Another method of defining the cumulative exposure for a given player has been previously presented by Broglio et al.3 This method directly sums the linear or rotational accelerations experienced for each athlete. Although this method captures the severity and frequency of impacts on aggregate, it does not take into consideration the nonlinear relationship between acceleration and risk of concussion, which can have substantial effects on the overall exposure. The risk weighted cumulative exposure metric introduced in this study adjusts each impact’s contribution to cumulative exposure according to its associated risk of injury. Exposure is therefore a product of each player or group’s distribution of impacts over a chosen activity and time period. RWE is different depending on the injury risk metric used, and is used to examine the cumulative exposure to each acceleration type (RWELinear, RWERotational) or to assess the combined contribution of linear and rotational accelerations (RWECP).

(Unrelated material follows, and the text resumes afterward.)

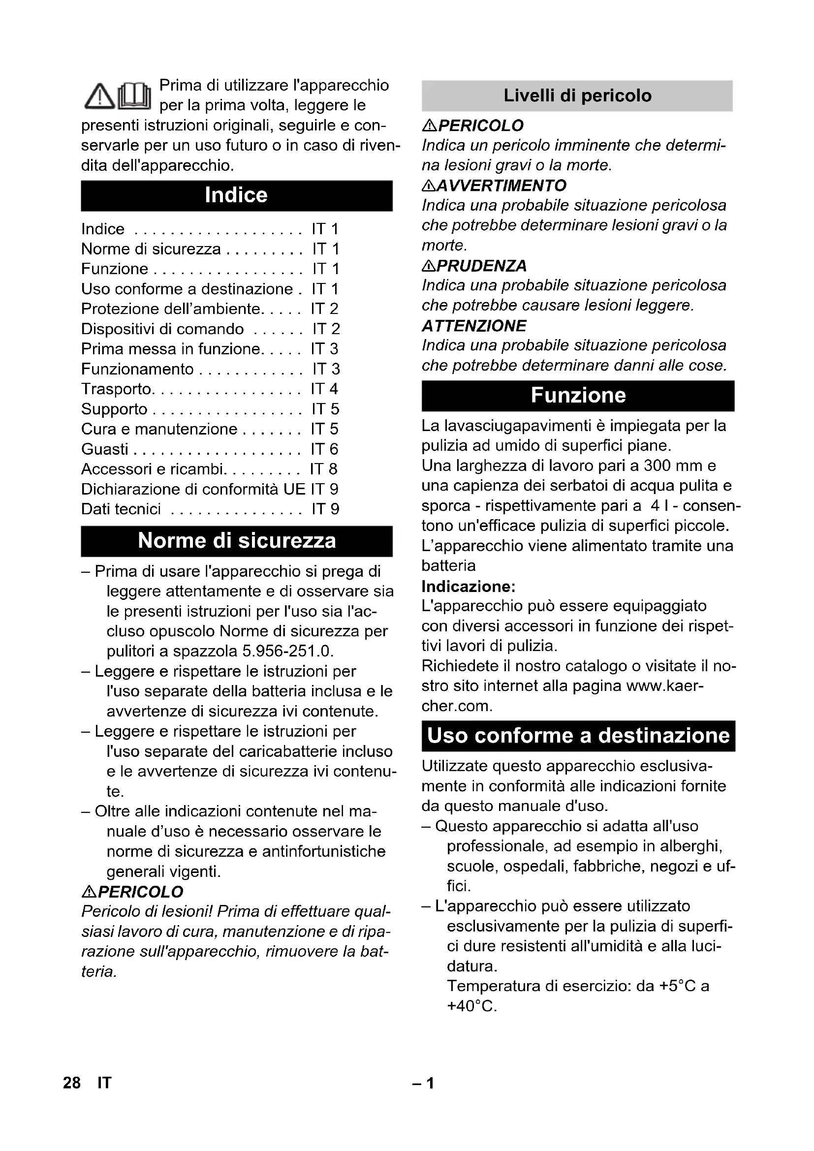 dB(A) 1 27FR– 1 Prima di utilizzare l'apparecchio per la prima volta, leggere le presenti istruzioni originali, seguirle e con- servarle per un uso futuro o in caso di riven- dita dell'apparecchio. – Prima di usare l'apparecchio si prega di leggere attentamente e di osservare sia le presenti istruzioni per l'uso sia l'ac- cluso opuscolo Norme di sicurezza per pulitori a spazzola 5.956-251.0. – Leggere e rispettare le istruzioni per l'uso separate della batteria inclusa e le avvertenze di sicurezza ivi contenute. – Leggere e rispettare le istruzioni per l'uso separate del caricabatterie incluso e le avvertenze di sicurezza ivi contenu- te. – Oltre alle indicazioni contenute nel ma- nuale d’uso è necessario osservare le norme di sicurezza e antinfortunistiche generali vigenti. PERICOLO Pericolo di lesioni! Prima di effettuare qual- siasi lavoro di cura, manutenzione e di ripa- razione sull'apparecchio, rimuovere la bat- teria. PERICOLO Indica un pericolo imminente che determi- na lesioni gravi o la morte. 몇 AVVERTIMENTO Indica una probabile situazione pericolosa che potrebbe determinare lesioni gravi o la morte. 몇 PRUDENZA Indica una probabile situazione pericolosa che potrebbe causare lesioni leggere. ATTENZIONE Indica una probabile situazione pericolosa che potrebbe determinare danni alle cose. La lavasciugapavimenti è impiegata per la pulizia ad umido di superfici piane. Una larghezza di lavoro pari a 300 mm e una capienza dei serbatoi di acqua pulita e sporca - rispettivamente pari a 4 l - consen- tono un'efficace pulizia di superfici piccole. L’apparecchio viene alimentato tramite una batteria Indicazione: L'apparecchio può essere equipaggiato con diversi accessori in funzione dei rispet- tivi lavori di pulizia. Richiedete il nostro catalogo o visitate il no- stro sito internet alla pagina www.kaer- cher.com. Utilizzate questo apparecchio esclusiva- mente in conformità alle indicazioni fornite da questo manuale d'uso. – Questo apparecchio si adatta all'uso professionale, ad esempio in alberghi, scuole, ospedali, fabbriche, negozi e uf- fici. – L'apparecchio può essere utilizzato esclusivamente per la pulizia di superfi- ci dure resistenti all'umidità e alla luci- datura. Temperatura di esercizio: da +5°C a +40°C. Indice Indice ... IT 1 Norme di sicurezza ... IT 1 Funzione ... IT 1 Uso conforme a destinazione . IT 1 Protezione dell’ambiente... IT 2 Dispositivi di comando ... IT 2 Prima messa in funzione... IT 3 Funzionamento ... IT 3 Trasporto... IT 4 Supporto ... IT 5 Cura e manutenzione ... IT 5 Guasti ... IT 6 Accessori e ricambi... IT 8 Dichiarazione di conformità UE IT 9 Dati tecnici ... IT 9 Norme di sicurezza Livelli di pericolo Funzione Uso conforme a destinazione 28 IT– 2 – L'apparecchio non si adatta alla pulizia di pavimenti gelati (per es. in magazzini frigoriferi). – L'apparecchio dev'essere equipaggiato solo da accessori e pezzi di ricambio originali. – L'apparecchio è stato concepito per la pulizia di pavimenti in ambienti interni ri- sp. di superfici coperte. – L'apparecchio non è previsto per la pu- lizia di percorsi pubblici di maggior uti- lizzo. – L'apparecchio non si adatta all'impiego in ambienti a rischio d'esplosione. Avvertenze sui contenuti (REACH) Informazioni aggiornate sui contenuti sono disponibili all'indirizzo: www.kaercher.com/REACH Figure riportate sulla copertina Figura 1 Maniglia 2 Interruttore pompa dell'acqua 3 Tasto modo spazzola/aspirazione 4 Maniglia trasporto 5 Maniglia di trasporto serbatoio acqua sporca 6 Serbatoio acqua sporca 7 Serbatoio acqua pulita 8 Chiusura serbatoio acqua pulita (aper- tura di riempimento) 9 Accumulatore 10 Alloggiamento della batteria 11 Testa di pulizia 12 Pedale sollevatore barra di aspirazione 13 Sblocco posizione d'arresto 14 Indicatore batteria Vedere le istruzioni per l'uso della batte- ria 15 Sbloccaggio accumulatore 16 Tasto di sbloccaggio, spazzola inter- cambiabile 17 Rullo della spazzola 18 Barra di aspirazione 19 Coperchio serbatoio acqua sporca 20 Chiusura coperchio serbatoio per l'ac- qua sporca 21 Indicatore di livello 22 Indicatore di carica della batteria 3 LED accesi: Capacità residua 100- 76% 2 LED accesi: Capacità residua 75-51% 1 LED acceso: Capacità residua 50- 26% 1 LED lampeggia: Meno del 26% di ca- pacità residua, caricare la batteria 23 Raccordo tubo / tubo flessibile di aspi- razione 24 Tubo rigido di aspirazione 25 Tubo flessibile di aspirazione Protezione dell’ambiente Tutti gli imballaggi sono riciclabili. Gli imballaggi non vanno gettati nei rifiuti domestici, ma conse- gnati ai relativi centri di raccolta. Gli apparecchi dismessi conten- gono materiali riciclabili preziosi e vanno consegnati ai relativi centri di raccolta. Sia le batterie che gli accumulatori contengono sostan- ze che non devono essere di- sperse nell’ambiente. Si prega quindi di smaltire gli apparecchi dismessi, le batterie e gli accu- mulatori mediante i sistemi di rac- colta differenziata. Gli apparecchi elettrici ed elettro- nici contengono spesso compo- nenti che, con un utilizzo o smal- timento non corretti, possono co- stituire un potenziale pericolo per la salute umana e per l'ambiente. Questi componenti sono tuttavia necessari per un corretto funzio- namento dell'apparecchio. Gli ap- parecchi contrassegnati con que- sto simbolo non devono essere smaltiti con i rifiuti domestici. Dispositivi di comando 29IT– 3 Figura Inserire il tubo all'estremità del manico nell'apertura presente sull'apparecchio. Premere Arresto e inserire il manico fino allo scatto all'interno dell'apparec- chio. Orientare il cavo nell'apparecchio ed applicare il coperchio come illustrato nel pieghevole. Caricare l'accumulatore. La relativa descrizione si trova nelle istruzioni per l'uso separate della batte- ria e del caricabatterie Figura Inserire la batteria carica nell’apposito alloggiamento, spingerla fino all’arresto e allo scatto in posizione. 몇 PRUDENZA Pericolo di danneg

The data provided within the appendix, includes the calculated RWEPellman, RWELinear, RWERotational, and RWECP for each player. These data are useful to interpret within group variability for RWE. A value of interest is the risk weighted exposure per impact for each player, which represents a normalized value by which risk weighted exposure may be examined on an individual basis. These data are important to capture the risk weighted exposure independent of the number of impacts for each player, which is representative of the ‘average’ severity for that player.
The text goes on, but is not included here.